→ **What you should do**: Below is a listing to copy exactly; no image goes into the copy.

##### Dataset records

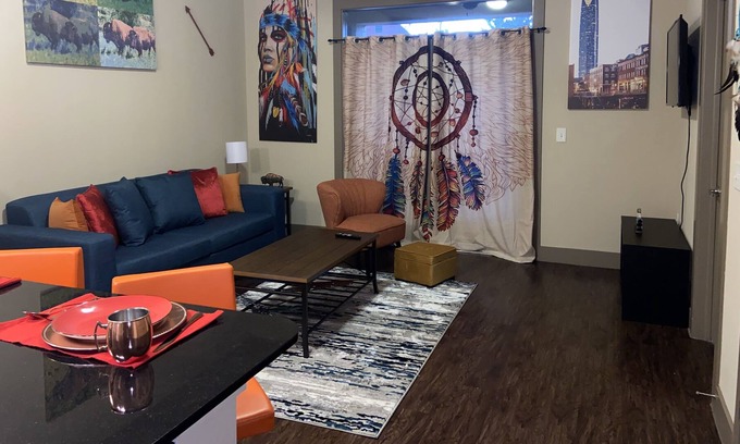 Kick back and relax in this calm, stylish space. Whether your in town visiting or relocating, our space is the place to be. Oklahoma prides itself on many things as proud American state. Our design is is authentic Oklahoma themed. We are located central to all the amenities that Oklahoma City has to offer. Our place has close-by eateries and entertainment that’s in walking distance for convenience.
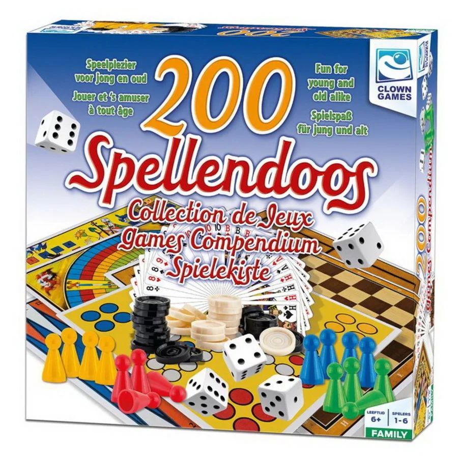 Speelplezier voor jong en oud! 200-delige Clown Games spellendoos, waarmee je vanzelfsprekend 200 verschillende spellen kunt spelen! Het verveelt nooit met alle klassiekers in één doos: ludo, backgammon, dammen, paardenrennen en vele andere bord-, dobbel- en kaartspellen. Inhoud: – 6 spelborden – 16 pionnen – 5 dobbelstenen – 30 damstenen – 32 spelkaarten – spelregelboekje. Voor 1-6 spelers en vanaf 6 jaar.
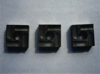 圖6 涂CxNy薄膜的YT14硬質(zhì)合金刀片- 從圖4、圖5可以看出,YG8和YT14兩類硬質(zhì)合金刀片經(jīng)涂覆CxNy薄膜后,刀具壽命大為提高。但在車削淬硬鋼T12A時(shí),CxNy涂層刀片的使用壽命低于PCBN刀片。在車削高強(qiáng)度中硬鋼602Mn時(shí),CxNy涂層刀片的使用壽命略高于YBo2(TiC涂層)刀片。
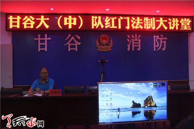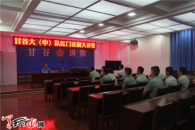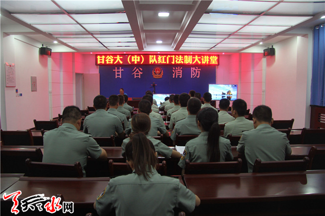 天天天水网讯(通讯员石国乾)为进一步增强全体官兵的法制意识,筑牢遵规守纪的思想根基,努力营造一个“人人讲法纪,人人守法纪”的思想氛围,7月6日晚上,甘谷大(中)队邀请到甘谷县人民检察院院职务犯罪预防科科长王维武同志走进甘谷消防“红门法制大讲堂”,为大(中)队全体官兵上了一堂法制教育课。
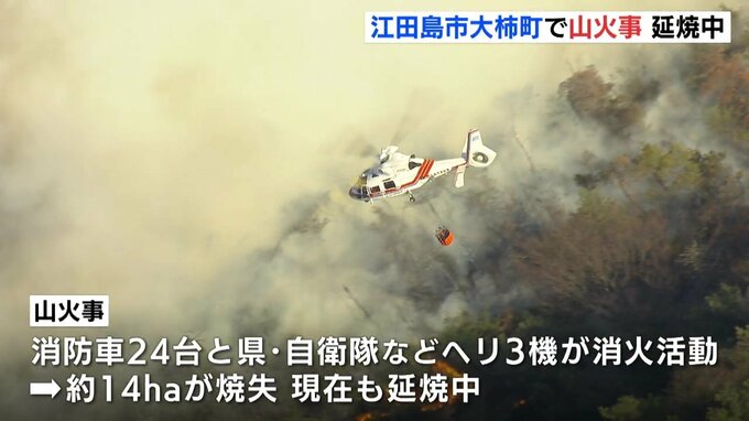 消防車24台と県や自衛隊などのヘリ3機が出動して消火にあたっていますが、約14ヘクタールを焼き、現在も延焼中だということです。
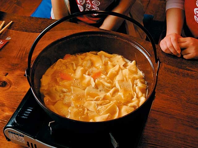 富士川町鰍沢地区十谷集落に伝わる郷土料理。小麦粉を練って、農具の「箕(み)」の形にして作ったほうとうに似た料理。鍋にゴボウ、大根、里芋、カボチャなどを入れて煮込まれる。
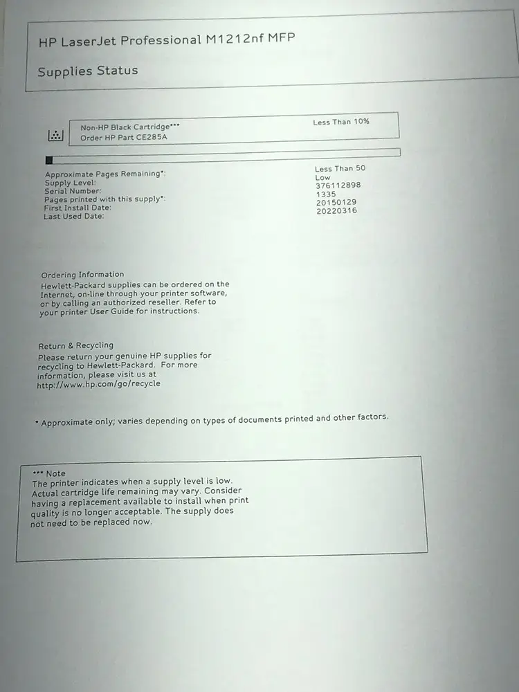 Model | HP LaserJet Pro M1212nf |
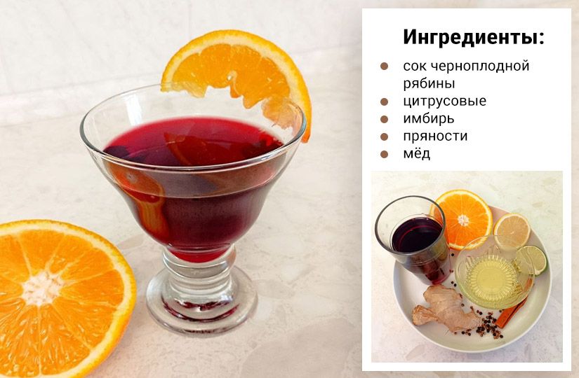 Смешайте в кастрюле сок черноплодной рябины, кружочки цитрусовых, имбирь и пряности. Нагрейте на медленном огне до 70–80 °C. Снимите с плиты, накройте крышкой и настаивайте 10–15 минут. Процедите, разлейте по бокалам. Украсьте долькой апельсина и палочкой корицы.
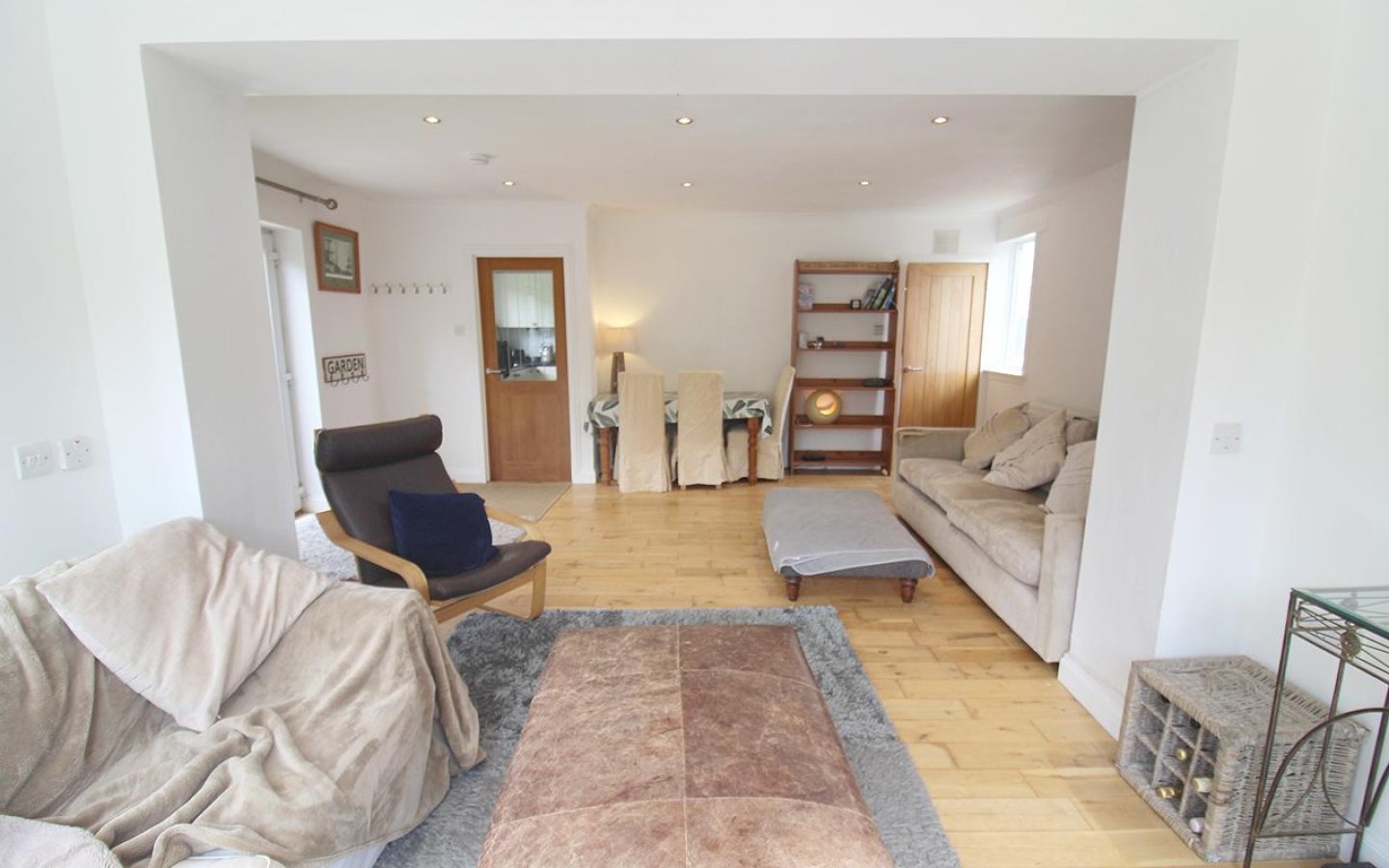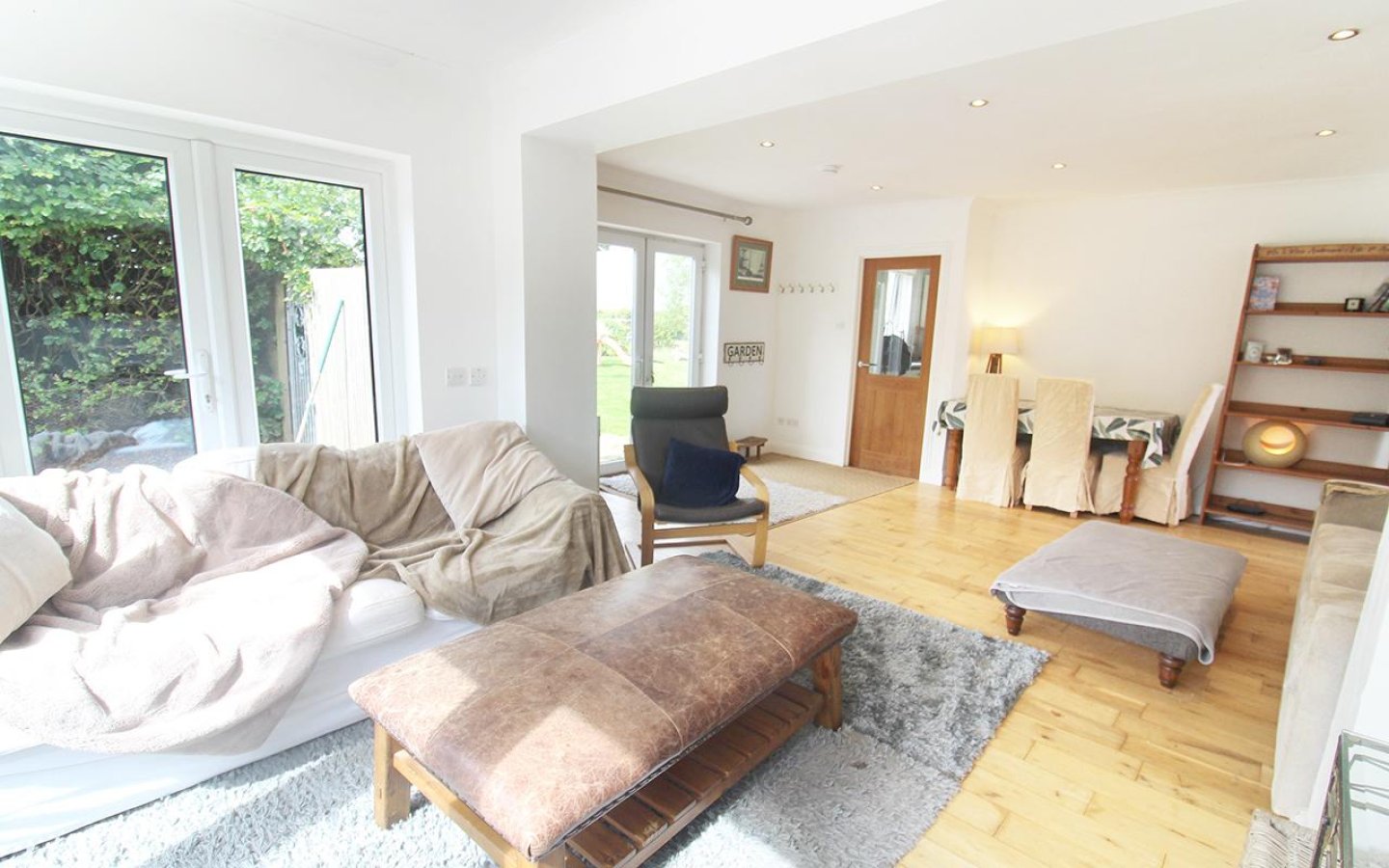 Currently, the property is accessed from the rear, however access from the road could be easily reinstated. A shared track from the B9001 leads to the main gate at Mosside, providing secure access to the property, large parking area and fenced paddock. A second gate provides access to the house via a securely fenced garden where the countryside views can also be appreciated. The property is accessed via French doors into the open-plan lounge and sunroom. This large, multifunctional space provides ample room for a dining set, and two further sets of French doors open into the south facing part of the garden. The room is finished with spotlights and a wooden floor. The lounge provides access to both the kitchen and the hall.

##########

→ **Result below**:
 Kick back and relax in this calm, stylish space. Whether your in town visiting or relocating, our space is the place to be. Oklahoma prides itself on many things as proud American state. Our design is is authentic Oklahoma themed. We are located central to all the amenities that Oklahoma City has to offer. Our place has close-by eateries and entertainment that’s in walking distance for convenience.
 Speelplezier voor jong en oud! 200-delige Clown Games spellendoos, waarmee je vanzelfsprekend 200 verschillende spellen kunt spelen! Het verveelt nooit met alle klassiekers in één doos: ludo, backgammon, dammen, paardenrennen en vele andere bord-, dobbel- en kaartspellen. Inhoud: – 6 spelborden – 16 pionnen – 5 dobbelstenen – 30 damstenen – 32 spelkaarten – spelregelboekje. Voor 1-6 spelers en vanaf 6 jaar.
 圖6 涂CxNy薄膜的YT14硬質(zhì)合金刀片- 從圖4、圖5可以看出,YG8和YT14兩類硬質(zhì)合金刀片經(jīng)涂覆CxNy薄膜后,刀具壽命大為提高。但在車削淬硬鋼T12A時(shí),CxNy涂層刀片的使用壽命低于PCBN刀片。在車削高強(qiáng)度中硬鋼602Mn時(shí),CxNy涂層刀片的使用壽命略高于YBo2(TiC涂層)刀片。
 天天天水网讯(通讯员石国乾)为进一步增强全体官兵的法制意识,筑牢遵规守纪的思想根基,努力营造一个“人人讲法纪,人人守法纪”的思想氛围,7月6日晚上,甘谷大(中)队邀请到甘谷县人民检察院院职务犯罪预防科科长王维武同志走进甘谷消防“红门法制大讲堂”,为大(中)队全体官兵上了一堂法制教育课。
 消防車24台と県や自衛隊などのヘリ3機が出動して消火にあたっていますが、約14ヘクタールを焼き、現在も延焼中だということです。
 富士川町鰍沢地区十谷集落に伝わる郷土料理。小麦粉を練って、農具の「箕(み)」の形にして作ったほうとうに似た料理。鍋にゴボウ、大根、里芋、カボチャなどを入れて煮込まれる。
 Model | HP LaserJet Pro M1212nf |
 Смешайте в кастрюле сок черноплодной рябины, кружочки цитрусовых, имбирь и пряности. Нагрейте на медленном огне до 70–80 °C. Снимите с плиты, накройте крышкой и настаивайте 10–15 минут. Процедите, разлейте по бокалам. Украсьте долькой апельсина и палочкой корицы.
 Currently, the property is accessed from the rear, however access from the road could be easily reinstated. A shared track from the B9001 leads to the main gate at Mosside, providing secure access to the property, large parking area and fenced paddock. A second gate provides access to the house via a securely fenced garden where the countryside views can also be appreciated. The property is accessed via French doors into the open-plan lounge and sunroom. This large, multifunctional space provides ample room for a dining set, and two further sets of French doors open into the south facing part of the garden. The room is finished with spotlights and a wooden floor. The lounge provides access to both the kitchen and the hall.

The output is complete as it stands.